Risks of not implementing IA.L2-3.5.11
If you leak authentication information through distinct messages, timing differences, or differing HTTP responses, attackers can enumerate valid accounts, focus credential-stuffing attacks, or bypass MFA via social engineering. For a small business that handles CUI this increases the chance of unauthorized access, audit findings, and potential compromise that could damage contracts and regulatory standing.

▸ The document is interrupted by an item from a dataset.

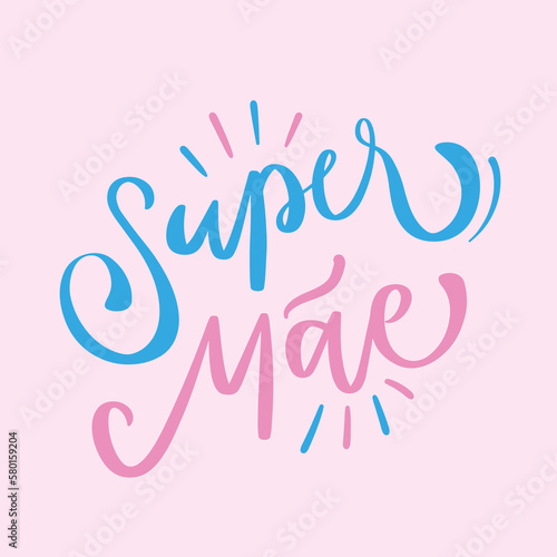Obraz premium Super Mãe. Super Mom in brazilian portuguese. Modern hand Lettering. vector.

Additionally, inconsistent behavior across web and API surfaces can create blind spots auditors will flag during Compliance Framework assessments.
Compliance tips and best practices
Best practices to satisfy IA.L2-3.5.11 and provide demonstrable evidence for compliance reviews include:
- Standardize auth failure messages across UI and APIs; document the exact text and where it's used.
- Implement dummy hash comparisons and/or constant-time checks to neutralize timing channels.
- Apply rate limiting, incremental backoff, and CAPTCHA where appropriate; record rule configurations.
- Centralize and protect logs; mask PII and keep an audit trail of auth failures for test evidence.
- Include automated tests (unit and integration) that assert identical responses for missing users vs bad credentials.
- Document the control mapping, implementation notes, and test results as artifact evidence for assessors.
Summary: to meet IA.L2-3.5.11, make authentication failures indistinguishable by normalizing messages, timing, and HTTP responses across web and API endpoints; use dummy hash checks, consistent JSON bodies, rate limiting, and careful logging to both protect users and produce audit evidence for the Compliance Framework. Implement these patterns, add automated tests, and retain configuration and log artifacts to demonstrate compliance during assessments.